____ Listed entries

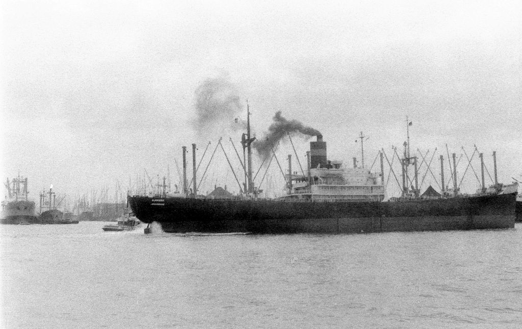 148k | Ex-Keweenaw, ex-HMS Patroller, as the Dutch Almkerk, being maneuvered by tugs in the port of Hamburg, Germany, 1965. |
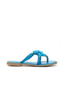 Sandals with medium high wedge that matches the upper, with contrasting double welt and white tread. The fusbett brings comfort to the collection, with a band decorated with shiny rhinestones
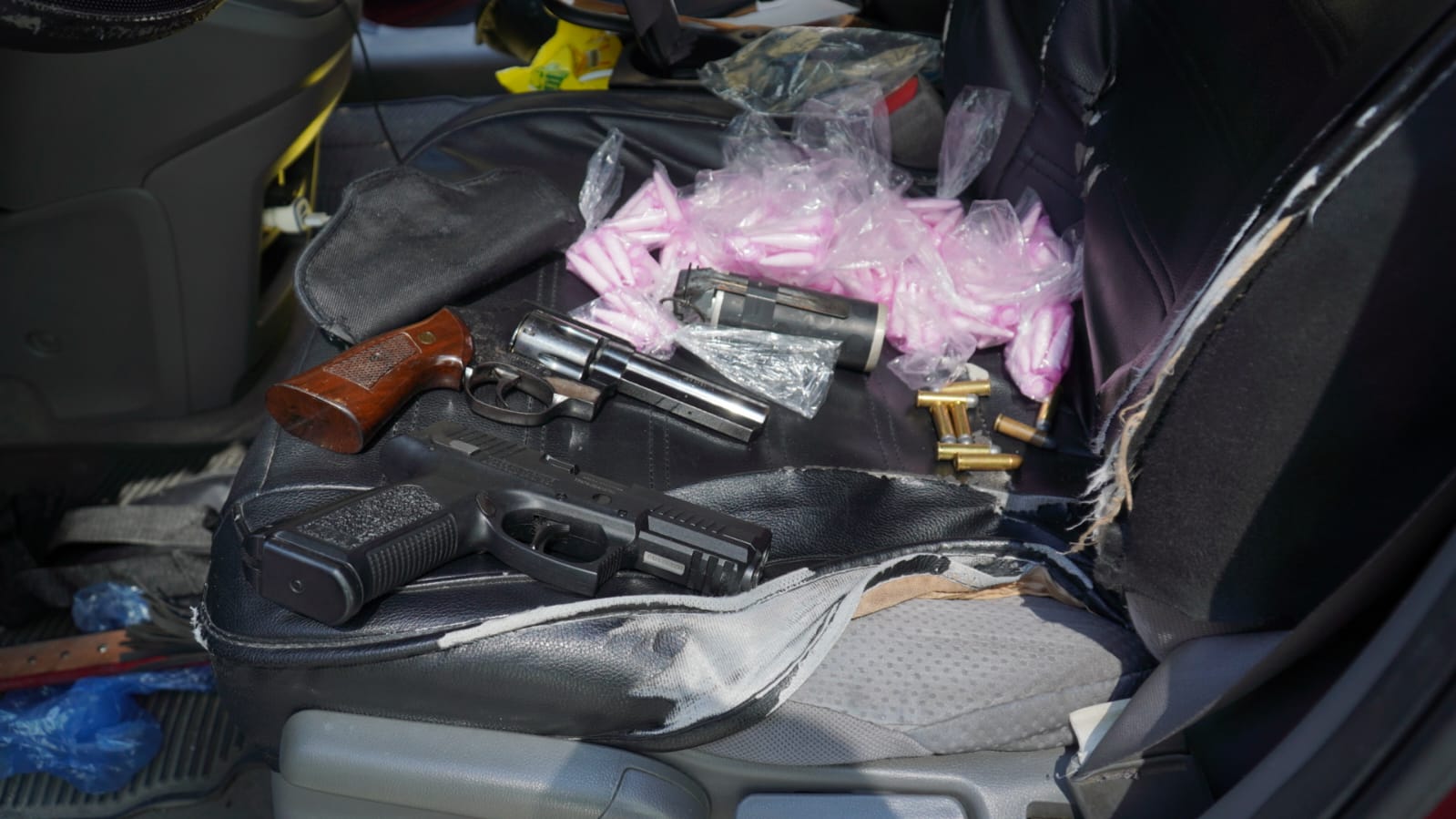 En el interior del automotor se localizó una pistola Taurus con registro esmerilado, dos tolvas y 35 municiones, 3 mil 900 quetzales en efectivo, seis colmillos y 16 cápsulas de cocaína, tres piedras de crack, un teléfono celular y varios documentos de identificación que serán objeto de análisis.
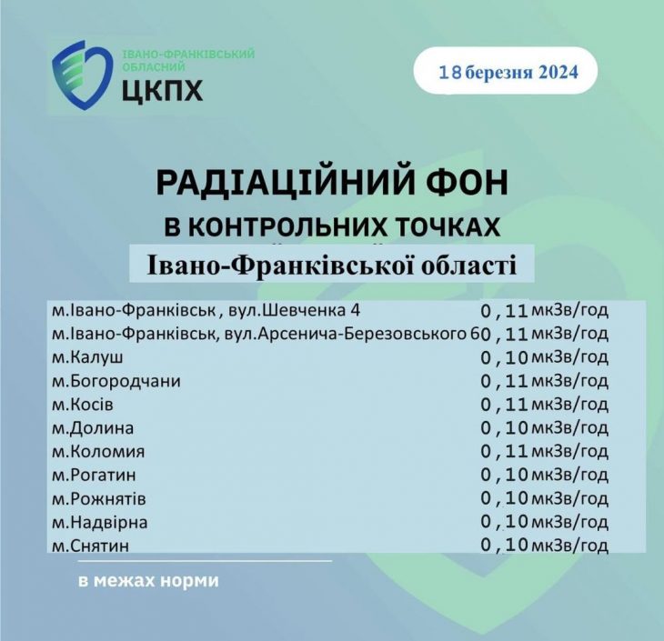 Станом на 18.03.2024 показник радіаційного фону становить від 0,10 мкЗв/год до 0,11 мкЗв/год (що не перевищує природний радіаційний фон для Прикарпаття в межах 0,32 мкЗв/год) Пише Голос-Інфо з посиланням на Івано-Франківський […]
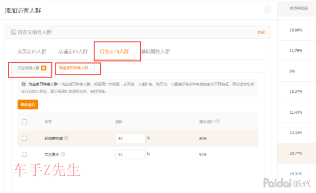 先来说系统人群,比如淘宝首页潜力人群,店铺定制人群,淘宝优质人群,部分类目更新后还有一个叫行业定向人群 (里面又细分为行业高潜人群和淘宝首页种草人群),这部分人群的重要性不言而喻,从下图的字面意思我们就可以看得出来,当你宝贝没有乱标签的时候,在这类相关的人群溢价帮助肯定是非常大的。
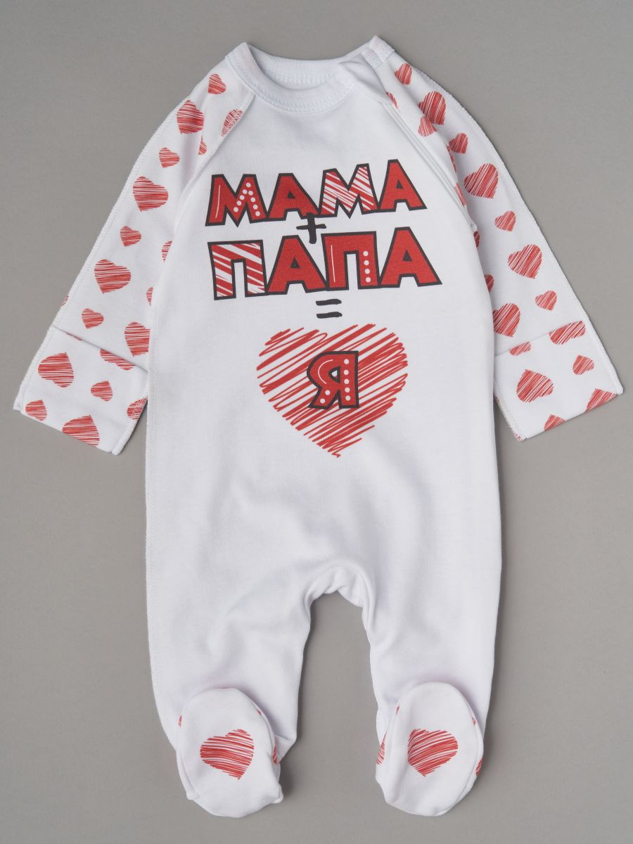 Комбинезон-асим Little Star на молнии 86920 мама+папа=я, белый 74
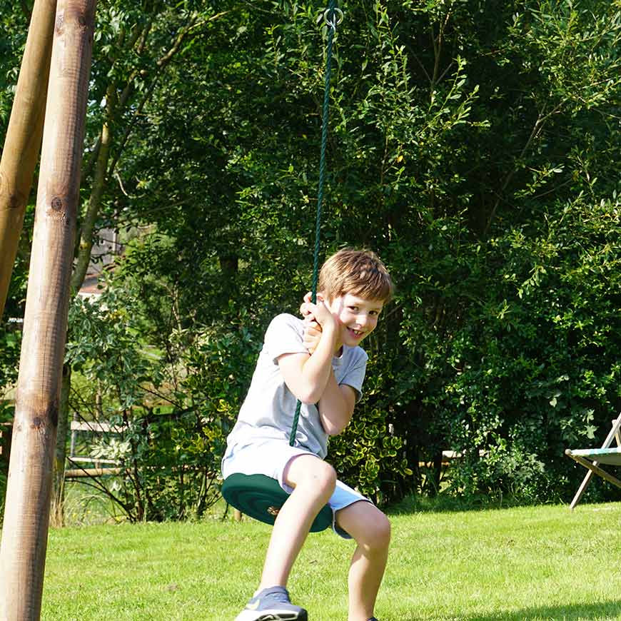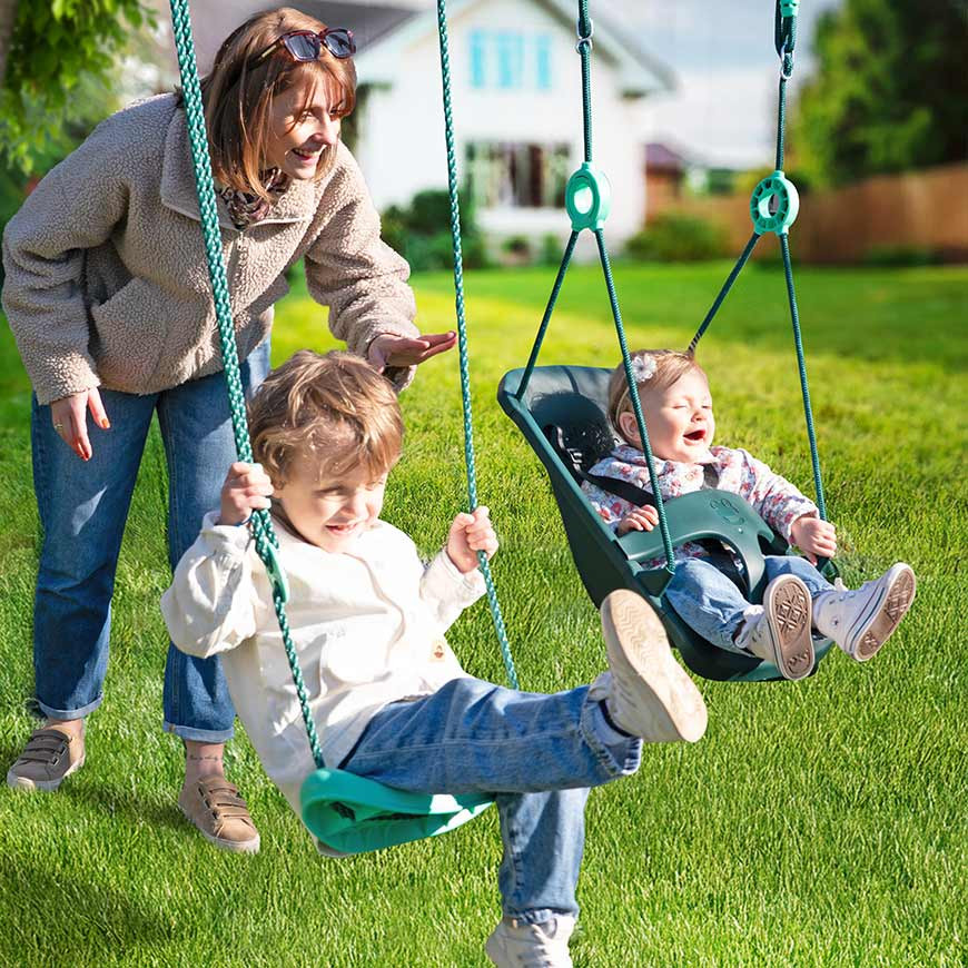A medida que tu hijo crece, puede seguir divirtiéndose con el equipamiento adecuado para su edad: un columpio clásico para niños mayores y una divertida y dinámica cuerda de disco. El conjunto se ajusta fácilmente gracias a un sistema de cuerdas ajustables con mosquetones resistentes, para adaptarse a la altura de cada niño.

________

The expected output is every entry above, character for character, with no pictures.

 148k | Ex-Keweenaw, ex-HMS Patroller, as the Dutch Almkerk, being maneuvered by tugs in the port of Hamburg, Germany, 1965. |
 Sandals with medium high wedge that matches the upper, with contrasting double welt and white tread. The fusbett brings comfort to the collection, with a band decorated with shiny rhinestones
 En el interior del automotor se localizó una pistola Taurus con registro esmerilado, dos tolvas y 35 municiones, 3 mil 900 quetzales en efectivo, seis colmillos y 16 cápsulas de cocaína, tres piedras de crack, un teléfono celular y varios documentos de identificación que serán objeto de análisis.
 Станом на 18.03.2024 показник радіаційного фону становить від 0,10 мкЗв/год до 0,11 мкЗв/год (що не перевищує природний радіаційний фон для Прикарпаття в межах 0,32 мкЗв/год) Пише Голос-Інфо з посиланням на Івано-Франківський […]
 先来说系统人群,比如淘宝首页潜力人群,店铺定制人群,淘宝优质人群,部分类目更新后还有一个叫行业定向人群 (里面又细分为行业高潜人群和淘宝首页种草人群),这部分人群的重要性不言而喻,从下图的字面意思我们就可以看得出来,当你宝贝没有乱标签的时候,在这类相关的人群溢价帮助肯定是非常大的。
 Комбинезон-асим Little Star на молнии 86920 мама+папа=я, белый 74
A medida que tu hijo crece, puede seguir divirtiéndose con el equipamiento adecuado para su edad: un columpio clásico para niños mayores y una divertida y dinámica cuerda de disco. El conjunto se ajusta fácilmente gracias a un sistema de cuerdas ajustables con mosquetones resistentes, para adaptarse a la altura de cada niño.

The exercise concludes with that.